The firm, one of the oldest residents at the
airport, is actually the end product of four
companies, the first of which began at the end
of World War II.
John Riedl Sr., the man who began it all, said
the business began with State’s Flying Service,
Inc., in Minneapolis in 1936—a company endowed
with one airplane and a novel idea.
“When we were still State’s Flying Service we
had a sign that said ‘Bar Harbor Tonight,’ a
neon sign mounted under the wings on an old
monoplane,” Riedl said. “I flew that every
night.”
During the day, the sign was detached, and the
plane was used for other student instruction and
“air rides,” Riedl said.
“We barnstormed,” he recalled of those early
days. “If we couldn’t pick up enough business,
somebody would fly the plane to some farmer’s
field and we’d give people rides,” he said.
Chartering—the modern term is “air taxi”—was
also done, but only informally, he said. “If
somebody wanted to go someplace, we’d fly ‘em,”
he said.
Riedl next formed Heywood Gull Lake Airport
Corporation in 1946 at the private field in
Nisswa. “I had three partners, two Northwest
Airline captains and a lumberman from
Minneapolis, who had purchased it while I was in
the service, and I was in on it,” Riedl said.

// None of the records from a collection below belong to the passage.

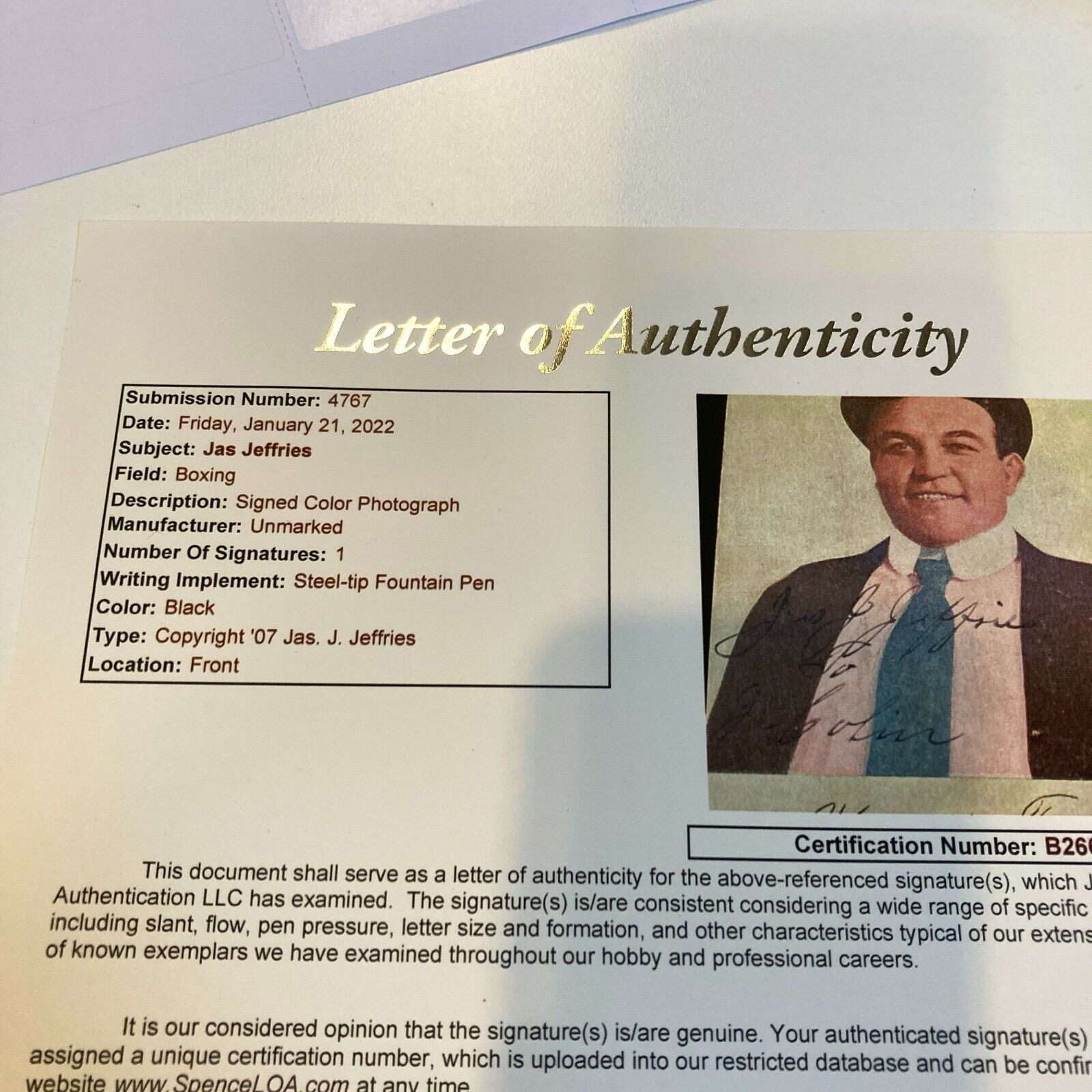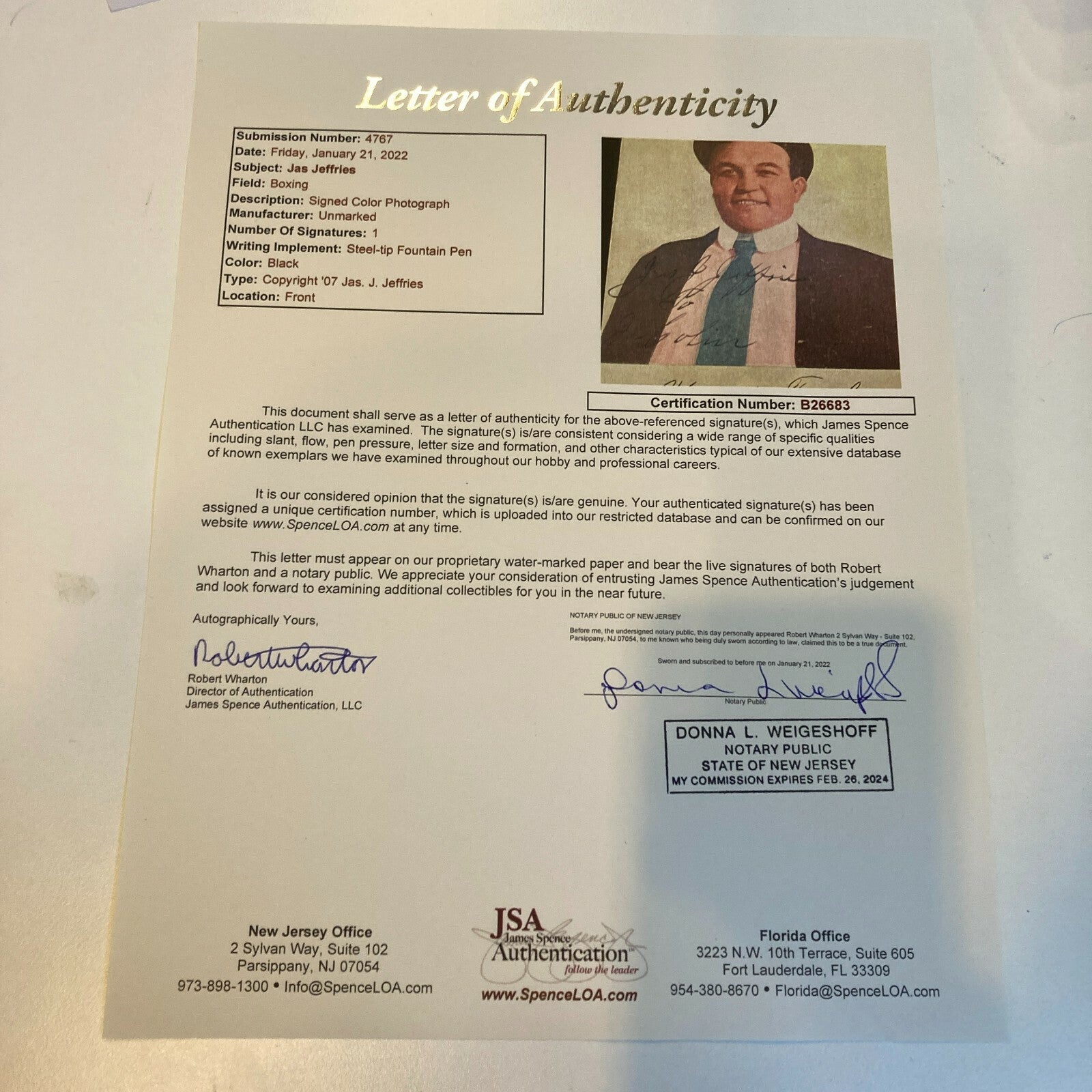 A stunning 1907 James Jeffries boxing fan card with autograph. This vibrant colorized card is marked Copyright '07 Jas. J. Jeffries #1022. The card appears to have been a private commissioned souvenir by Jeffries and is on thick stock and is hand cut. It is signed Yours Truly Jas. J. Jeffries. Jeffries was a legendary heavyweight champion but is perhaps best known for coming out of retirement to battle Jack Johnson. Jeffries died in 1953 and his signature is highly prized by boxing collectors. The card is in EX condition and has a James Spence sticker #B26683 on reverse for authentication. Full letter JSA COA.
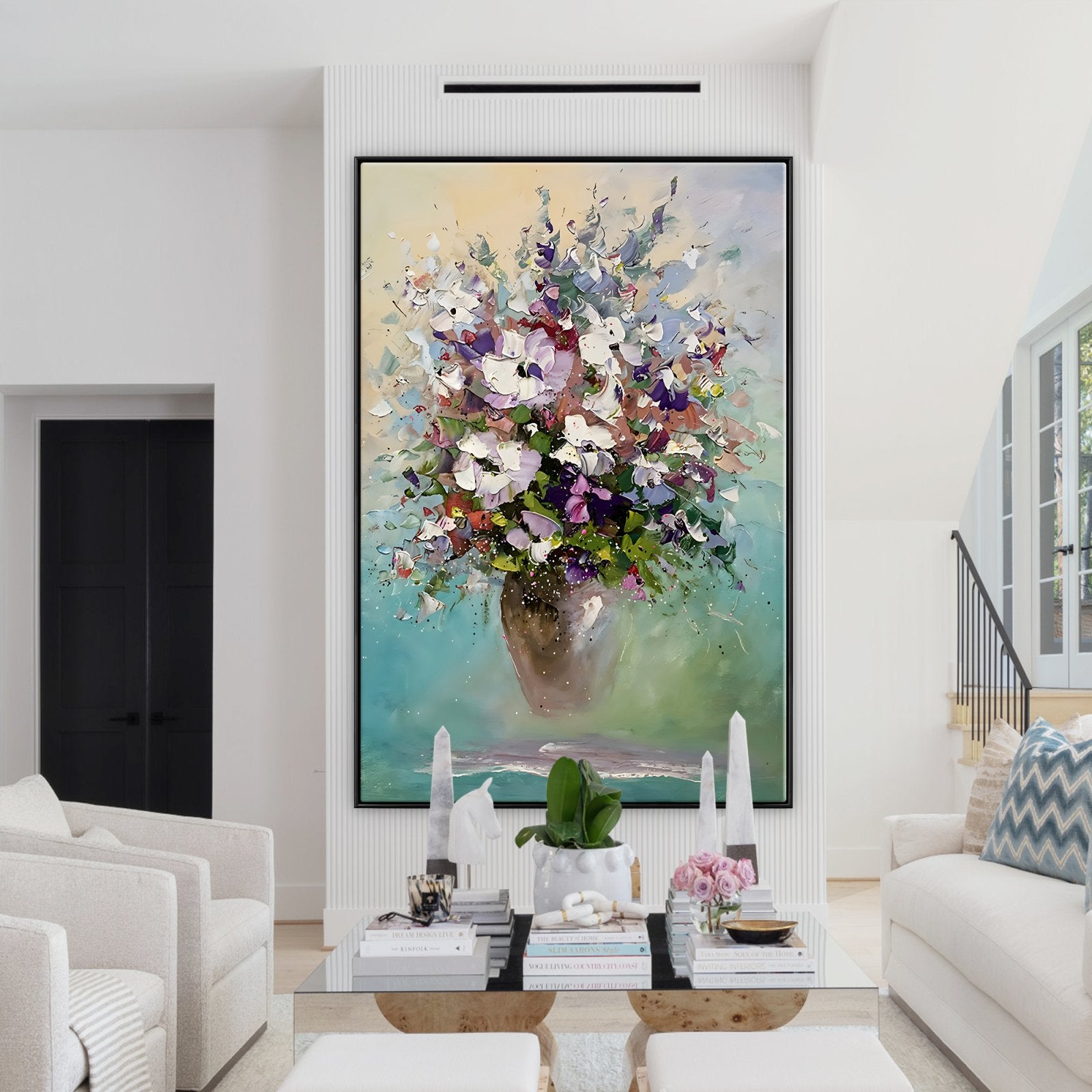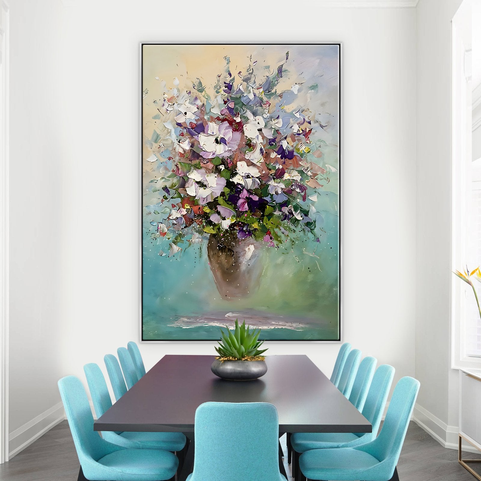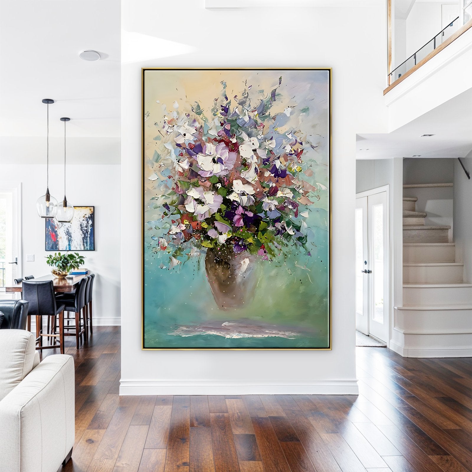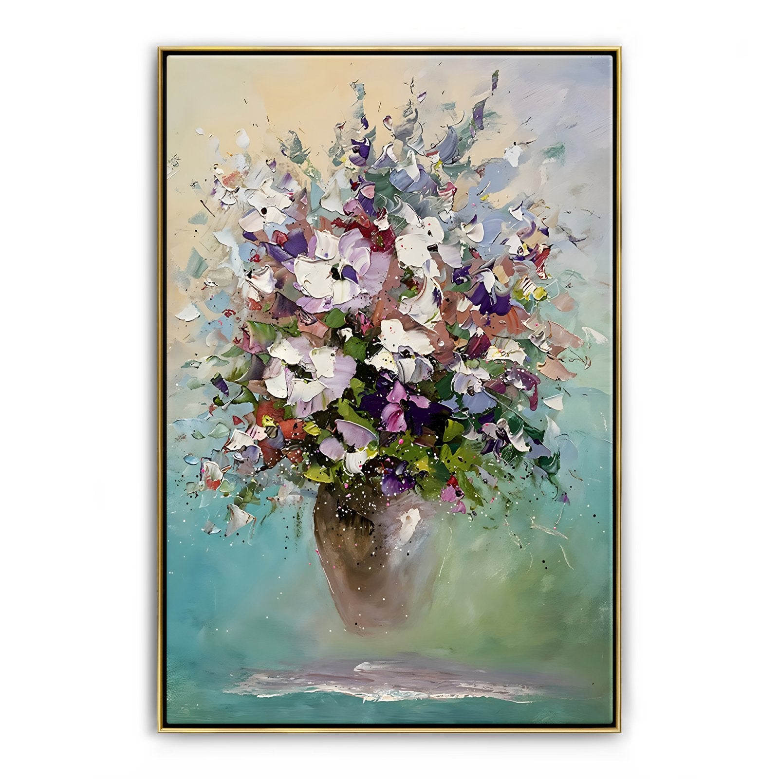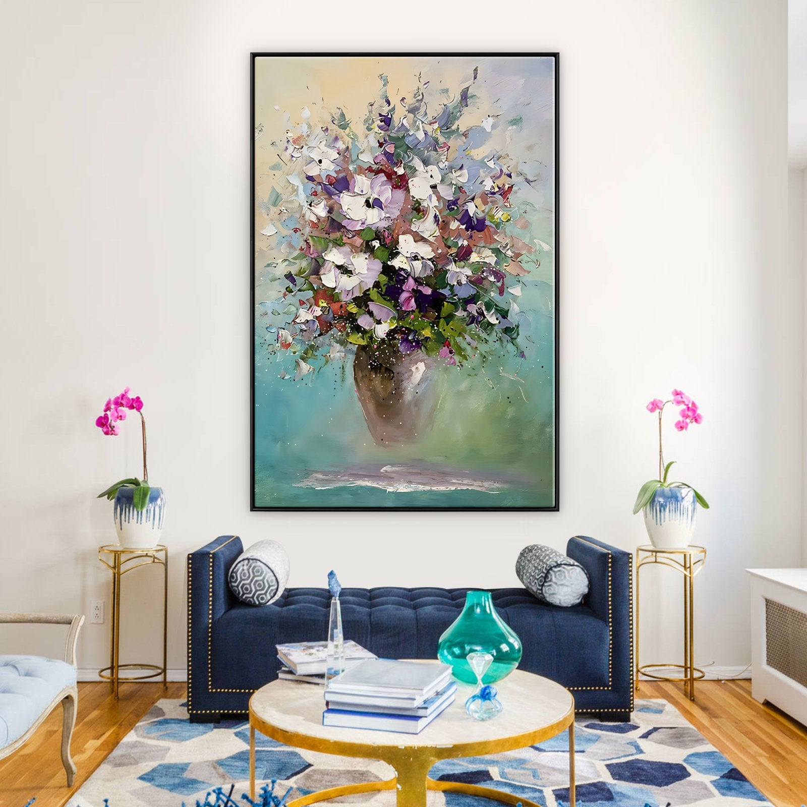 Add a touch of nature's elegance to your home with this beautiful floral painting. The rich color palette and delicate blossoms make it a perfect addition to brighten up any home interior.
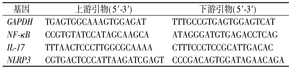 基因上游引物 5′-3′ 下游引物 5′-3′ GAPDHTGAGTGGCAAAGTGGAGATTTTGCCGTGAGTGGAGTCATNF-κBCCGTGTATCCATAGCAAGCAATAGGGATGTGAGACCTCAGIL-17TTTAACTCCCTTGGCGCAAAACTTTCCCTCCGCATTGACACNLRP3CGTGACTCCCATTAAGATCGAGTCCCGACAGTGGATAGAACAGA
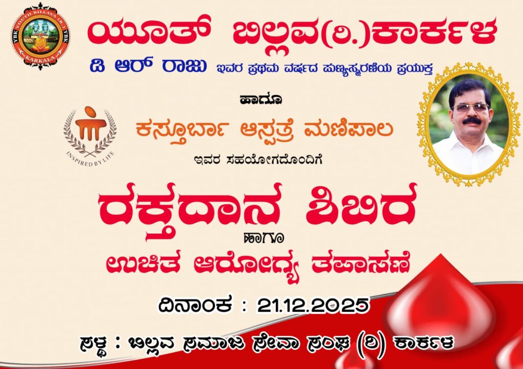 ಯೂತ್ ಬಿಲ್ಲವ (ರಿ.)ಕಾರ್ಕಳ ಡಿ ಆರ್ ರಾಜು ಇವರ ಪ್ರಥಮ ವರ್ಷದ ಪುಣ್ಯಸ್ಮರಣೆಯ ಪ್ರಯುಕ್ತ ಹಾಗೂ ಕಸ್ತೂರ್ಬಾ ಆಸ್ಪತ್ರೆ ಮಣಿಪಾಲ ಇವರ ಸಹಯೋಗದೊಂದಿಗೆ ರಕ್ತದಾನ ಶಿಬಿರ ಹಾಗೂ ಉಚಿತ ಆರೋಗ್ಯ ತಪಾಸಣೆಯು ದಿನಾಂಕ 21-12-2025 ನೇ ಆದಿತ್ಯವಾರ ಗಂಟೆ 9 ಕ್ಕೆ ಸರಿಯಾಗಿ ಬಿಲ್ಲವ ಸಮಾಜ ಸೇವಾ ಸಂಘ (ರಿ )ಕಾರ್ಕಳ ಇಲ್ಲಿ ನಡೆಯಲಿದೆ
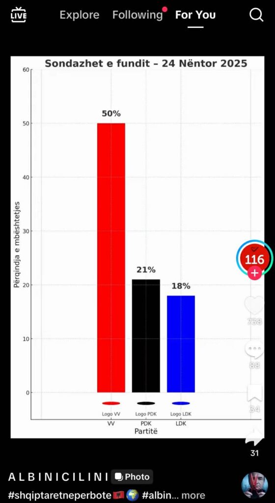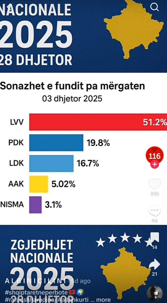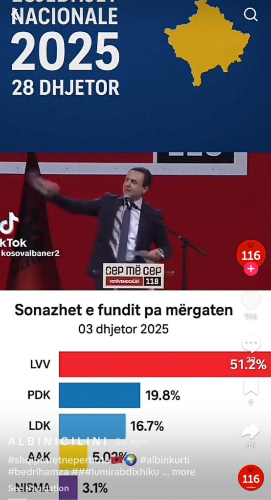 Tri përmbajtje që pretendojnë se paraqesin sondazhe zgjedhore në prag të zgjedhjeve të 28 dhjetorit për Kuvendin e Kosovës, janë publikuar në llogarinë me emrin “albinicilini” në Tiktok.
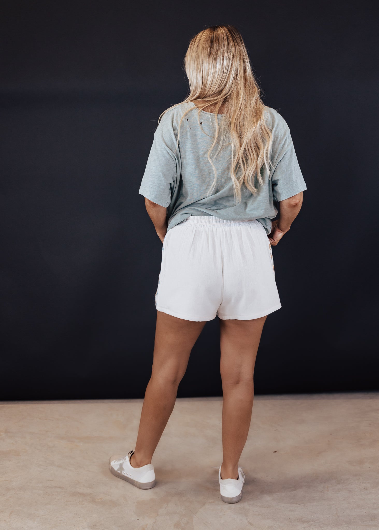 White shorts. Embroidered detail on sides. Has shorts liner. No pockets.
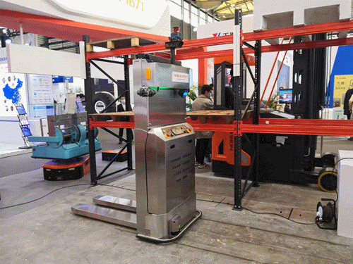 系列無人叉車產(chǎn)品,包括堆高式、平衡重式無人叉車等,并現(xiàn)場(chǎng)演示了月臺(tái)貨車裝卸方案。

That firm, Riedl said, held the original
contract for pipeline patrol with Minnesota
Power and Light Company.
When he moved to Brainerd in 1954 and became
airport manager here, Riedl formed Crow Wing
Aviation and also operated Mid-State Air Taxi,
both out of the Brainerd airport.
The three companies, he said, eventually became
Airmotive Enterprises in 1960—a firm which is
now owned and operated by Riedl’s son, Assistant
Airport Manager John Riedel Jr., who purchased
it from his father in 1981.
When John Riedl Jr. joined the firm in 1966, it
consisted of two pilots, himself and Morris
Wareing, who had joined Crow Wing Aviation in
1957. Today, Airmotive Enterprises boasts five
planes, two full-time and two part-time pilots,
two line service personnel and two mechanics.
The firm leases two offices and a maintenance
shop at the airport, along with a ramp area and
fuel dispensing equipment, Riedl said.
Among the services offered by the firm are air
taxis, flight training, power line patrol, fire
detection, agricultural photography and aircraft
maintenance.
The firm leases two offices and a maintenance
shop at the airport, along with a ramp area and
fuel dispensing equipment, Riedl said.
The firm is known as an aviation services
company. The old name, Fixed Base Operator, had
its roots in the days of the barnstormers.
“Most of the flying was barnstorming, and nobody
really was at one place,” Riedl said. So, when
companies were formed that had permanent bases,
they became known as “Fixed Base” operators.
At one time, he said, the company flew about
20,000 miles each year of pipeline patrol.
Flying with an observer at about 200 feet, the
pilot searched for the telltale mark of a
pipeline running below ground in a field, marked
by an area of greener grass due to the line’s
warmth. The observer looked for construction on
or near the line, leaks (visible because they
killed the grass), downed marker posts or
washouts near river crossings.
Power line patrol, Riedl said, is done by the
pilot alone. At a scant 25 to 50 feet above the
power line, the pilot looked for shot-out
insulators, burned power poles, loose guy wires
and even woodpecker holes.
The firm now does only about four hours of such
work annually, Riedl said, on an emergency
standby basis.
Airmotive pilots also fly fire detection for the
DNR forestry department in the spring and fall,
flying an assigned route and radioing in the
location when smoke is spotted.
The firm has a Cessna 310 twin-engine craft and
a Piper Turbo Arrow single-engine plane for air
taxi, and three planes available for pilot
training and rental, a Piper Warrior, Piper
Tomahawk and a Cessna 152.
Airmotive trains about 25 pilots a year, and
provides training for private, commercial and
instrument pilots, in addition to certified
flight instructor training and multi-engine
rating.
The mainstay of the business, however, is air
taxi, under which about 30,000 miles are logged
each year. The firm is licensed to operate in
the continental United States and Canada, but
does most of its charter work in the five-state
area.
And, like most businesses in a tourist area, the
firm does most of its business in the summer
months.
“In the winter, we sit here and there won’t be
one plane on the flight line,” Riedl said. But,
he said, “The air traffic in the summertime, for
three months, is 15 times greater than in the
winter months.”
Flying is becoming “more and more popular,”
Riedl said. Airmotive charges a fee for
overnight parking of transient planes, and
serves commuters who fly in on weekends to stay
with families who live here during the summer,
corporate personnel flying in for conventions
and meetings and race fans here for a weekend at
Brainerd International Raceway (BIR).